President of the Legislative Assembly of the Azores
- In office 1979–1984
- President: João Bosco Mota Amaral
- Preceded by: Alberto Madruga da Costa
- Succeeded by: José Guilherme Reis Leite
- In office 1976–1978
- President: João Bosco Mota Amaral
- Preceded by: Humberto Melo
- Succeeded by: José Guilherme Reis Leite

Personal details
- Born: Álvaro Pereira da Silva Leal Monjardino 6 October 1930 Angra do Heroísmo, Portugal
- Died: 16 August 2024 (aged 93)
- Citizenship: Portuguese

= Álvaro Monjardino =

Portuguese politician (1930–2024)

Álvaro Monjardino (6 October 1930 – 16 August 2024) was a Portuguese lawyer and politician.

==Early life==
Monjardino attained his Licenciatura in Law, as well as the Curso Complementar de Ciências Jurídicas (Complimentary Course in Judicial Sciences) before beginning his career in politics.

==Career==
Monjardino was elected as an independent deputy for the National Assembly in the Estado Novo regime, under the banner of the ANP, for the district of Angra do Heroísmo, between 1973 and 1974.

He joined the Junta Regional dos Açores (Regional Junta of the Azores) in the Social Democratic (PSD) party, elected for the constituencies of Graciosa and, later Terceira.

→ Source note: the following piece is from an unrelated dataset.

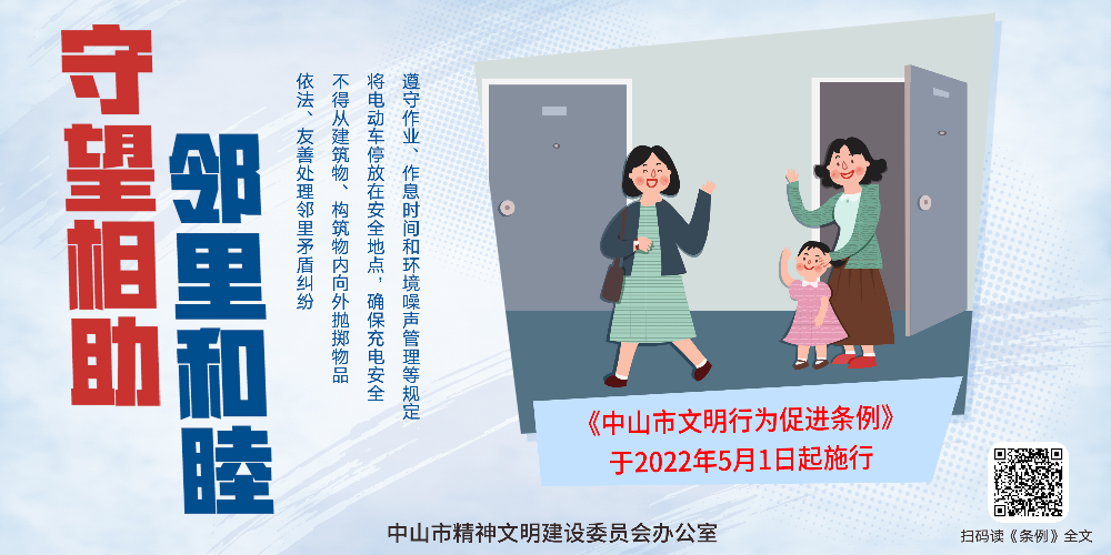 《中山市文明行为促进条例》于2022年5月1日起施行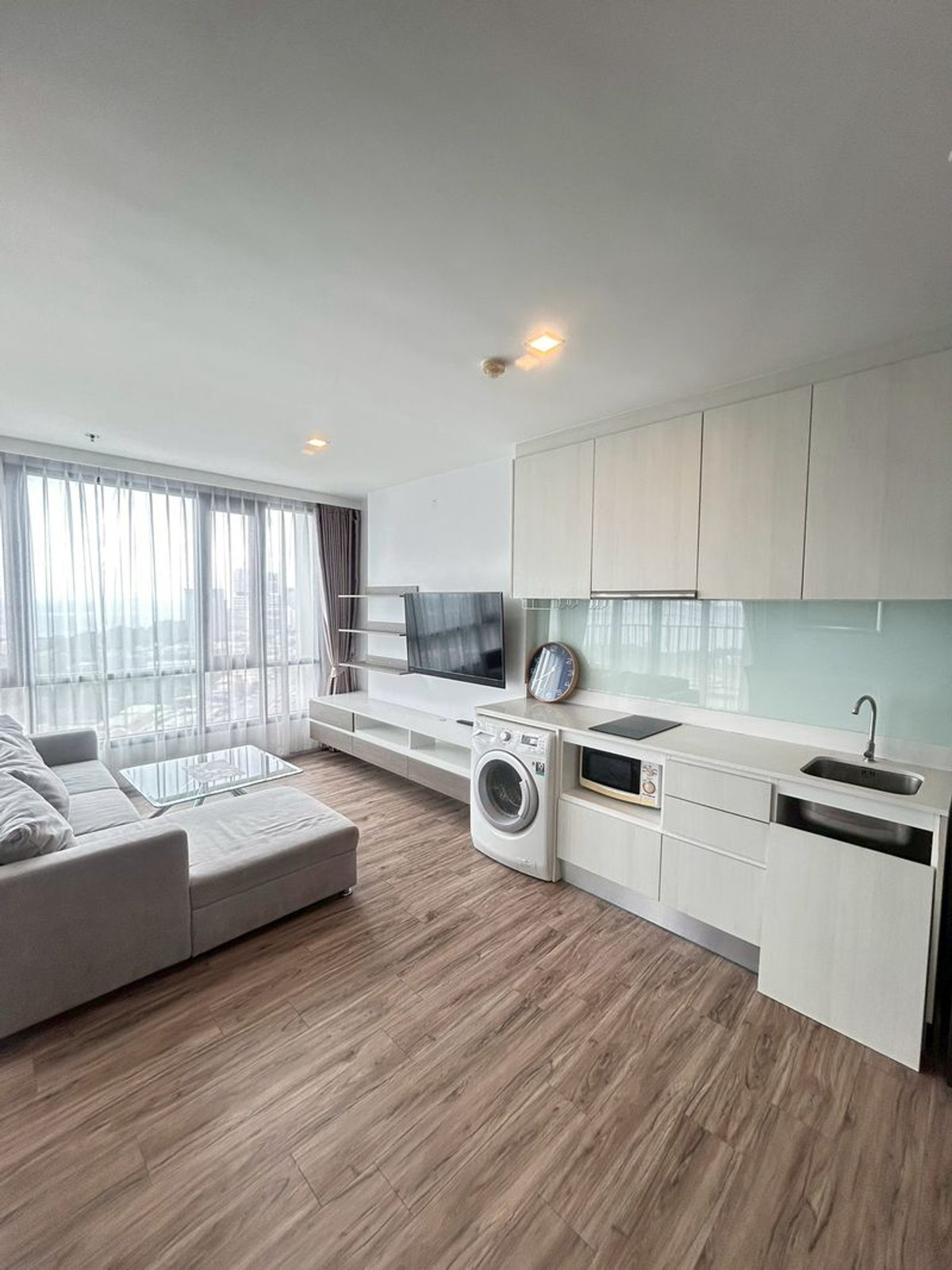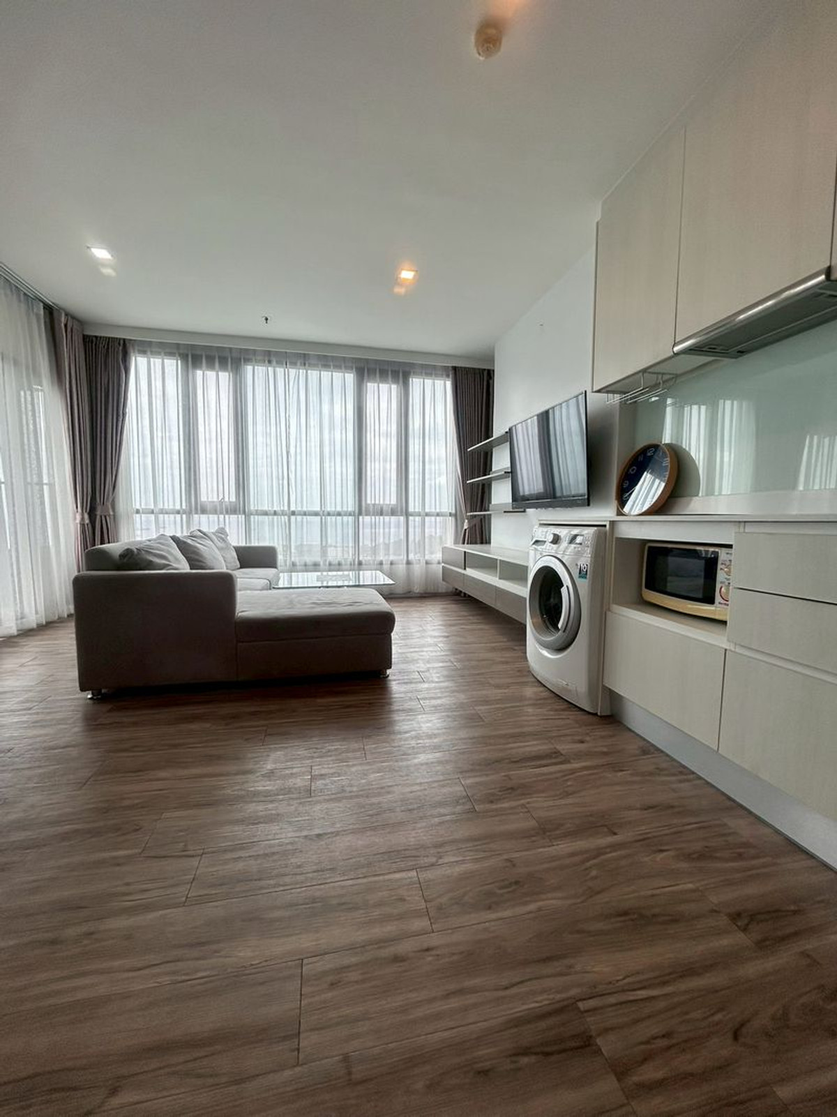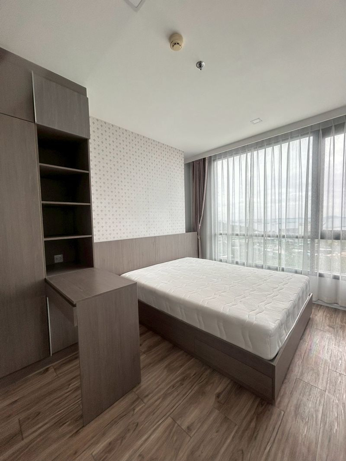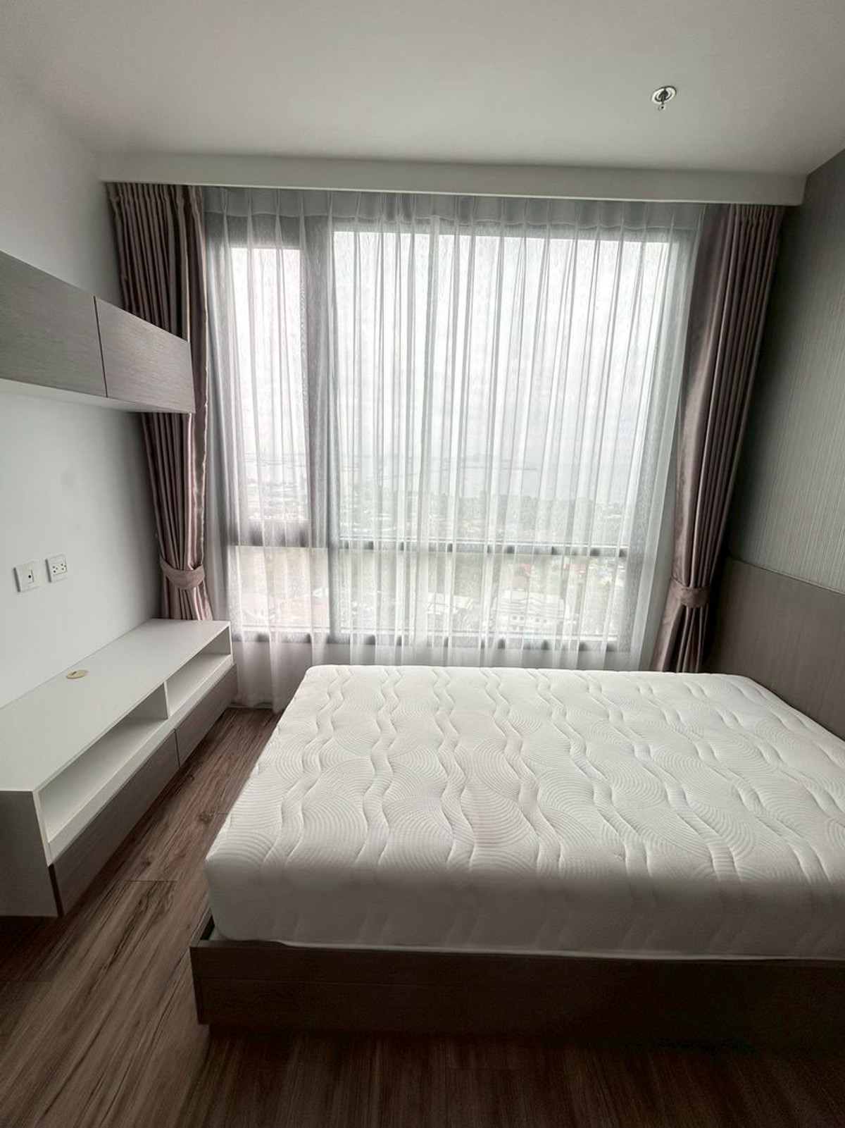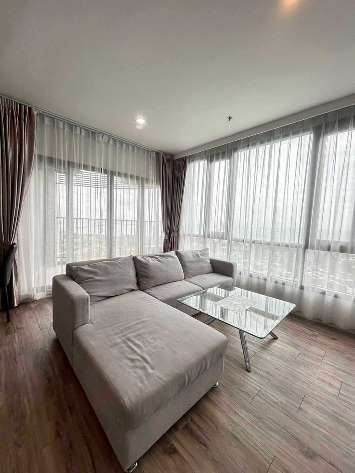 Details: Corner room, 20th floor, beautiful sea view from every angle. Both bedroom and living room Wide area 62 sq m 2 bedrooms, 2 bathrooms (with private Jacuzzi) Separate kitchen. With a 4-seat dining table sea view balcony. Can receive the breeze all day Fully furnished. Ready to move in complete with electrical appliances: air conditioners in every room, 2 LED TVs, refrigerator, washing machine. Kitchen set ready to use Rent 23,000 baht/month 2 month deposit + 1 month advance Luxurious condo Sea view in every room With complete facilities in the heart of Sriracha, convenient travel, close to restaurants, cafes and department stores F-A2

He became the first and third elected presidents of the Legislative Assembly of the Azores, between 1976 and 1984, with a pause between 1978 and 1979, when he occupied the position of Minister Adjunct to the Prime Minister, during the Fourth Constitutional Government, between 1978 and 1979. He would return to hold the position of president of the Regional Assembly from 1979 to 1984.

==Later life and death==
Monjardino was described as a historian and studious investigator in judicial matters, publishing various documents on the subject. At one time he was president of the council of the Instituto Histórico da Ilha Terceira (1984–1999), as well as a correspondence partner of the Portuguese Academy of History. He was one of the principals involved in the classification of the historical centre of Angra do Heroísmo as a World Heritage Site by UNESCO.

He was a director, collaborator and correspondent for the daily newspaper A União.

He maintained a law office in the old city and was an administrator/director of several businesses.

Monjardino died on 16 August 2024, at the age of 93.